▸ DATA FOR THIS EXERCISE
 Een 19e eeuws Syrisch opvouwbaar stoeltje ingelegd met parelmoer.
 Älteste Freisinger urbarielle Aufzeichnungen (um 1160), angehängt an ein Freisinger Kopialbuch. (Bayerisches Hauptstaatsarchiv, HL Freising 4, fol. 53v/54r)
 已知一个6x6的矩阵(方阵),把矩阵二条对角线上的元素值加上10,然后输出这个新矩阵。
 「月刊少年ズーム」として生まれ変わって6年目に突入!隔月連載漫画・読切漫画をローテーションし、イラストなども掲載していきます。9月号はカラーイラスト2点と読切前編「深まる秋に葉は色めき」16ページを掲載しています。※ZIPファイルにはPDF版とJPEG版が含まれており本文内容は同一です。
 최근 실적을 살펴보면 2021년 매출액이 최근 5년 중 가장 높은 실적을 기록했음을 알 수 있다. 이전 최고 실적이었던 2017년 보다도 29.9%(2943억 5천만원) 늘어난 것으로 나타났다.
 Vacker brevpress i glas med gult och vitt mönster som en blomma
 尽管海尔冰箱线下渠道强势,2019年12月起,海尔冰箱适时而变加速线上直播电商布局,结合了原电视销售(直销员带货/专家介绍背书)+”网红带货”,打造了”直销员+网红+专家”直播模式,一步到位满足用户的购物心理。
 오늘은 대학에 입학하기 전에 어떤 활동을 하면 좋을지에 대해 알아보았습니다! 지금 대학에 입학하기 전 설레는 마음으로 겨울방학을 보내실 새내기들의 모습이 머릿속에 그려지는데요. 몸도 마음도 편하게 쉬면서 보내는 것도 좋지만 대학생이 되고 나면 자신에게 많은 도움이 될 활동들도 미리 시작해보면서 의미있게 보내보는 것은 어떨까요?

* * *

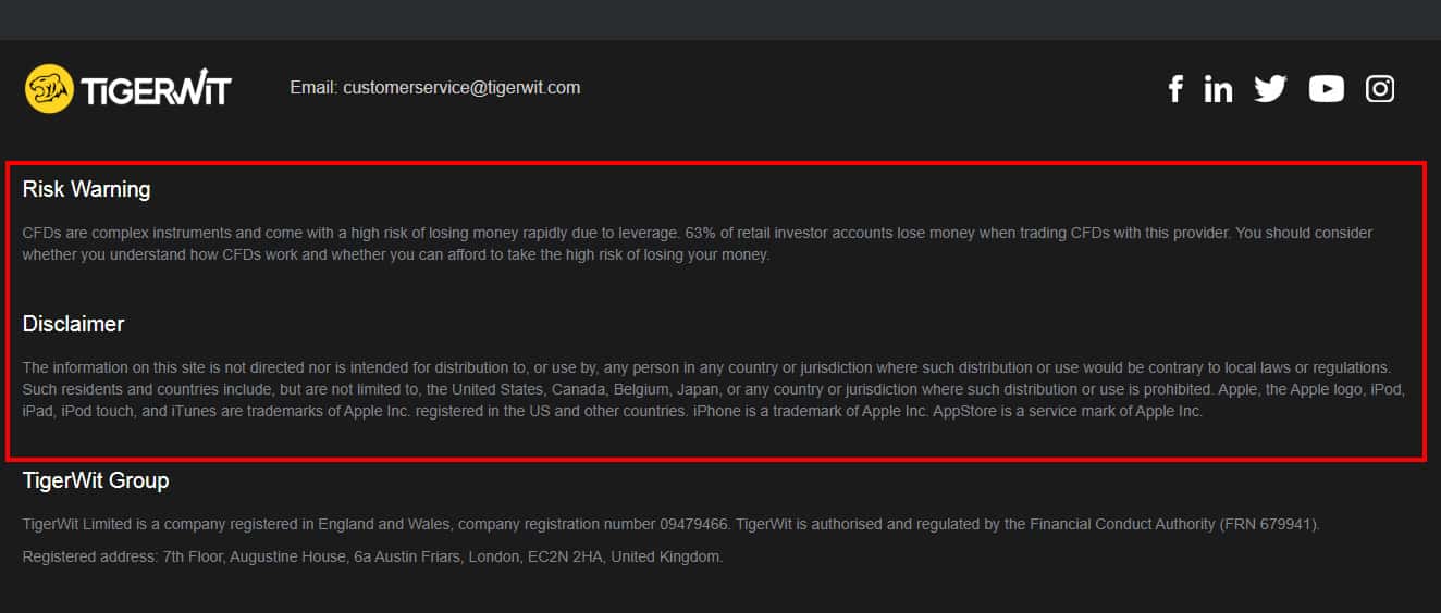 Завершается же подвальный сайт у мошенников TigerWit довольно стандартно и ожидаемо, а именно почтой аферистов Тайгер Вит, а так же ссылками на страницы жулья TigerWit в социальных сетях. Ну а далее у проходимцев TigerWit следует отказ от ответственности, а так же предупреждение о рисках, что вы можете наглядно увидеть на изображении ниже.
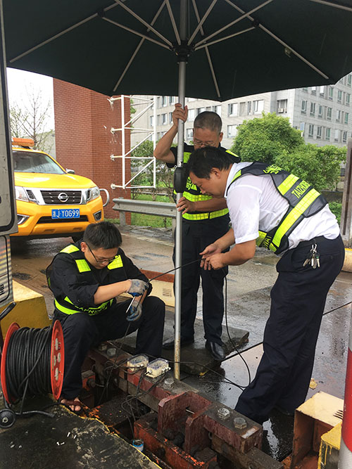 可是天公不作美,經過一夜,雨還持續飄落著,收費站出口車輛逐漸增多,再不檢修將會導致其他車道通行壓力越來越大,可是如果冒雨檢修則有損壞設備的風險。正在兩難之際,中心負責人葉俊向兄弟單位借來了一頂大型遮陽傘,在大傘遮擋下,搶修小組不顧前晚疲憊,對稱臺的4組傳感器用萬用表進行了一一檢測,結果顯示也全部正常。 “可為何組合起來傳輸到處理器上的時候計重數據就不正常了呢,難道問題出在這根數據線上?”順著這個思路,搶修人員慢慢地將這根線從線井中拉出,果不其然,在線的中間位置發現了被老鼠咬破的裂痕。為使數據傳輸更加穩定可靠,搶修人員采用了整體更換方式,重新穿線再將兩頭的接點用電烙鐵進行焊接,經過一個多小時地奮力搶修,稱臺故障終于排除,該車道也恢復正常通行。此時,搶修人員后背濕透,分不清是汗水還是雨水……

▸ ABOUT THIS EXERCISE
What is asked for is an exact copy of the lines above from the one containing "尽管海尔冰箱线下渠道强势,2" through the one containing "오늘은 대학에 입학하기", and only those.

▸ RESULT OF THIS TASK
 尽管海尔冰箱线下渠道强势,2019年12月起,海尔冰箱适时而变加速线上直播电商布局,结合了原电视销售(直销员带货/专家介绍背书)+”网红带货”,打造了”直销员+网红+专家”直播模式,一步到位满足用户的购物心理。
 오늘은 대학에 입학하기 전에 어떤 활동을 하면 좋을지에 대해 알아보았습니다! 지금 대학에 입학하기 전 설레는 마음으로 겨울방학을 보내실 새내기들의 모습이 머릿속에 그려지는데요. 몸도 마음도 편하게 쉬면서 보내는 것도 좋지만 대학생이 되고 나면 자신에게 많은 도움이 될 활동들도 미리 시작해보면서 의미있게 보내보는 것은 어떨까요?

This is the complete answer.